Molecular Relational Learning (MRL), aiming to understand interactions between molecular pairs, plays a pivotal role in advancing biochemical research. Recently, the adoption of large language models (LLMs), known for their vast knowledge repositories and advanced logical inference capabilities, has emerged as a promising way for efficient and effective MRL. Despite their potential, these methods predominantly rely on the textual data, thus not fully harnessing the wealth of structural information inherent in molecular graphs. Moreover, the absence of a unified framework exacerbates the issue of information underutilization, as it hinders the sharing of interaction mechanism learned across diverse datasets. To address these challenges, this work proposes a novel LLM-based multi-modal framework for Molecular inTeraction prediction following Chain-of-Thought (CoT) theory, termed MolTC, which effectively integrate graphical information of two molecules in pair.
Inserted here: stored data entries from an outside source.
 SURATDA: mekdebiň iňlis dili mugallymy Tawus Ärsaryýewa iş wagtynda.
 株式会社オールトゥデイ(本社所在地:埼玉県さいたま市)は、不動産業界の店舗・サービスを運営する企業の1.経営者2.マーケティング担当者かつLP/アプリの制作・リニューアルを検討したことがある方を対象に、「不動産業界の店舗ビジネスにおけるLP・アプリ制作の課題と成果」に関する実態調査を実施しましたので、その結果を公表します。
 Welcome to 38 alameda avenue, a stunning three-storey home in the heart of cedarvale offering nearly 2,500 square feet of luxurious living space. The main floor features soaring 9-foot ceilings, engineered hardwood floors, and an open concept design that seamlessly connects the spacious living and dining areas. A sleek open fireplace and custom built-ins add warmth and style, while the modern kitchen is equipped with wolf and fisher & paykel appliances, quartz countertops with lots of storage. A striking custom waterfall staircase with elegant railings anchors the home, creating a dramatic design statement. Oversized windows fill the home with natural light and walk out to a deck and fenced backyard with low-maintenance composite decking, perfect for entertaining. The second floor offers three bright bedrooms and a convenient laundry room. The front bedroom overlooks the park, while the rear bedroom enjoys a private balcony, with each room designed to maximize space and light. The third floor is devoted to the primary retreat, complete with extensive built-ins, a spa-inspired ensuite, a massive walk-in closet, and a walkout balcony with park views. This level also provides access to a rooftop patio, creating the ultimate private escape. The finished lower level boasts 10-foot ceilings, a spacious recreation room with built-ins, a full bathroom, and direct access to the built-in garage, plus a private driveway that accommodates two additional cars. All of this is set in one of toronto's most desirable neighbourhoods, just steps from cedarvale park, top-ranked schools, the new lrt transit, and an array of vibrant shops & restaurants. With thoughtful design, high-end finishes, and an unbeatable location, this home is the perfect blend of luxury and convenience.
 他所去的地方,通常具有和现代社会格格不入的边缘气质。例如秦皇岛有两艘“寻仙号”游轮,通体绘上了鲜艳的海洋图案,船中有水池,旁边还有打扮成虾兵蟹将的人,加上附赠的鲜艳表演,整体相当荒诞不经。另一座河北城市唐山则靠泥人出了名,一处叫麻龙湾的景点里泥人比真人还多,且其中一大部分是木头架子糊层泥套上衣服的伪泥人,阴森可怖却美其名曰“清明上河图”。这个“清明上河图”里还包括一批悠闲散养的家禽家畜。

To train MolTC efficiently, we introduce a Multi-hierarchical CoT concept to refine its training paradigm, and conduct a comprehensive Molecular Interactive Instructions dataset for the development of biochemical LLMs involving MRL. Our experiments, conducted across various datasets involving over 4,000,000 molecular pairs, exhibit the superiority of our method over current GNN and LLM-based baselines. Code is available at https://github.com/MangoKiller/MolTC.
Paper Structure (24 sections, 5 equations, 2 figures, 5 tables)

This paper contains 24 sections, 5 equations, 2 figures, 5 tables.

Figures (2)

  • Figure 1: Comparison between the current methods leveraging LLMs to model molecule interactions and our MolTC. (a) The prevailing paradigm of current methods. (b) The challenge of applying the current paradigm to the tasks involving datasets with a small number of samples. (c) The framework of our proposed MolTC, which is enhanced by the principle of CoT. Best viewed in color.
  • Figure 2: The training process of our MolTC. The flame symbol denotes the parameter update, the snowflake symbol indicates the parameter freezing, and the chain symbol depicts the parameter sharing between two modules. Best viewed in color.